Bir kumar oynamış, şansını denemiş ve kaybetmiştir.

Ancak, ortada “şansımı denedim kaybettim” diyebilecek bir siyasal oluşum yoktur. Dahası, arkasında kimi yeni oyunlara yönelmesine olanak tanıyacak bir kitle/seçmen desteği vardır. Böyle olduğu için yeni hamlelerden geri durmayacaktır. Bunlar elbette ufku görece geniş, uzun bir dönemi öngören hamleler olmaktan çok kısa dönemli, pragmatist özellikler taşıyacaktır.

Olasılıkların ve süreçlerin düğümlendiği nokta, daha büyük bir olasılıkla, 2019 gelmeden 2018 yılında ortaya çıkacaktır.

***

Belediye Başkanları meselesi?

Normal takvime göre yerel yönetim seçimlerinin 2019 yılında, başkanlık ve milletvekilliği seçimlerinden önce yapılması gerekmektedir.

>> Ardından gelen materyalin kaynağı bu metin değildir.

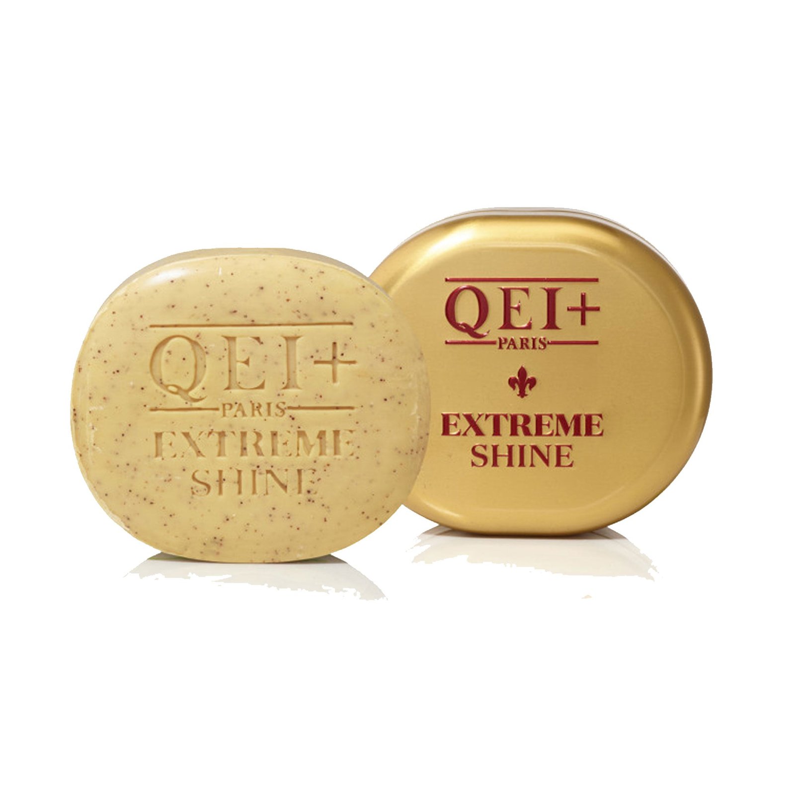 QEI BRIGHTENING SOAP – EXTRÊME SHINE GOLD is a premium cleansing bar that forms the foundation of a luxurious and successful whitening regimen. Part of the specialized Extreme Shine Gold range, this soap is formulated with real gold particles and active botanical brightening agents. It works by providing a deep, thorough clean, removing dirt, excess oil, and environmental pollutants that can cause the face and body to look dull.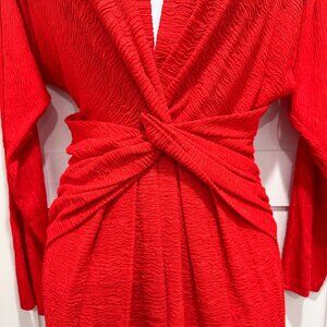 Vintage 80's 90's Sexy Low Cut Red Vamp Curvy Crinkle Dress Valentine Romantic
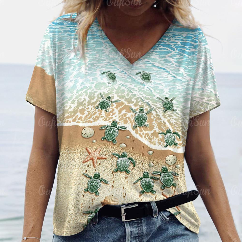 Топ женская футболка с принтом морских животных для женщин футболки большого размера женская трендовая одежда летняя дешевая пляжная футболка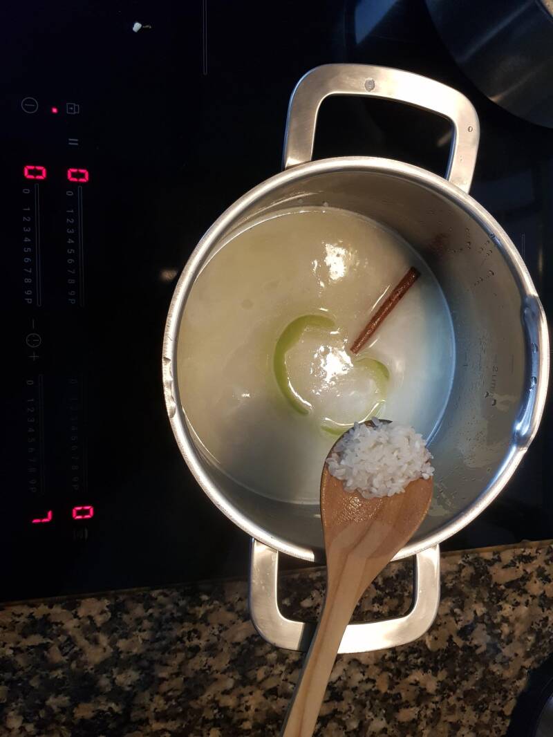 1. Colocar a água num tacho com o pau de canela, a casca de limão, a manteiga e o arroz.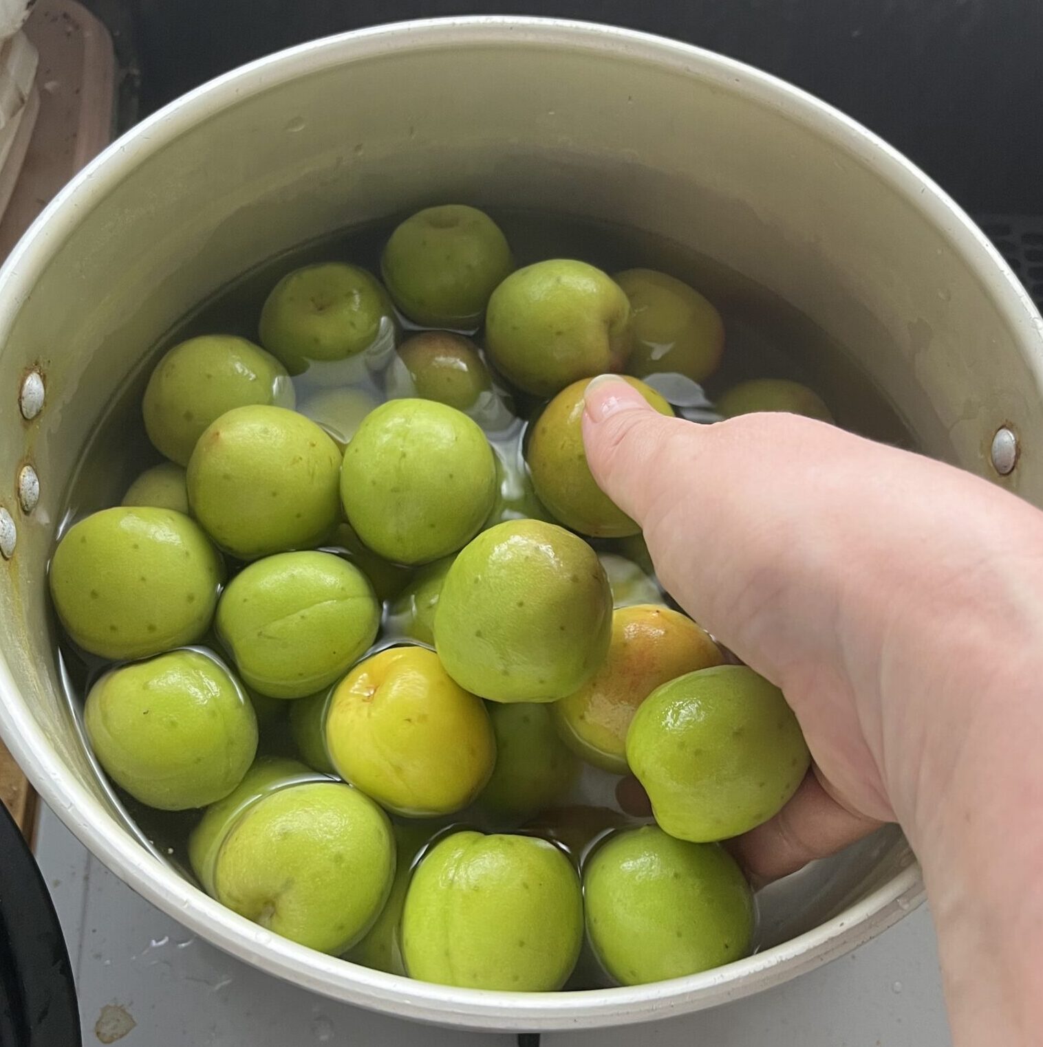 - 梅の実をさっと水洗いし、竹串で成り口のホシ(枝の軸)を取る。深い傷のある実はここで除き、重量を測っておく。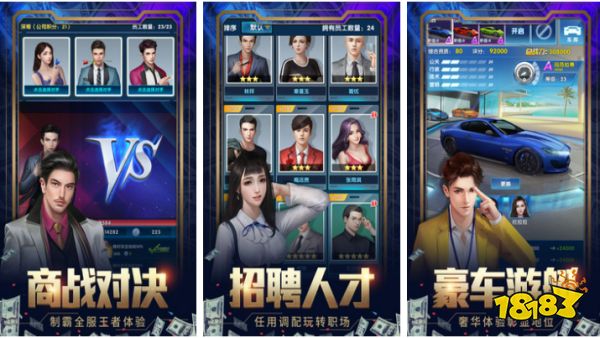 这是款模拟霸道总裁的经营类手游,玩家要经营好几家大型公司,还要培训公司内的员工,雇佣美女秘书帮助自己打理公司。你也可以用钱去投资其他项目,如果投资的项目赚钱了,就可以再开几家公司,如果亏本了也可以总结经验。

Bugün Türkiye’nin en büyük 10 ilinden İzmir, Adana ve Mersin’de belediye başkanları AKP’li değildir.

Yerel seçimlerde bunların üstüne İstanbul, Ankara ve Bursa’yı da kaybeden bir AKP başkanlık ve milletvekilliği seçimlerine böyle bir kayıpla gitmek ister mi? Ülke nüfusunun üçte birinin yaşadığı üç ilden söz ediyoruz.

Ciddi bir risktir.

Ancak, bunca gürültüden sonra istifa ettirilen başkanların yerine “yeni” yüzlerle girilen seçimlerin kaybedilmesi de en az bu kadar risklidir.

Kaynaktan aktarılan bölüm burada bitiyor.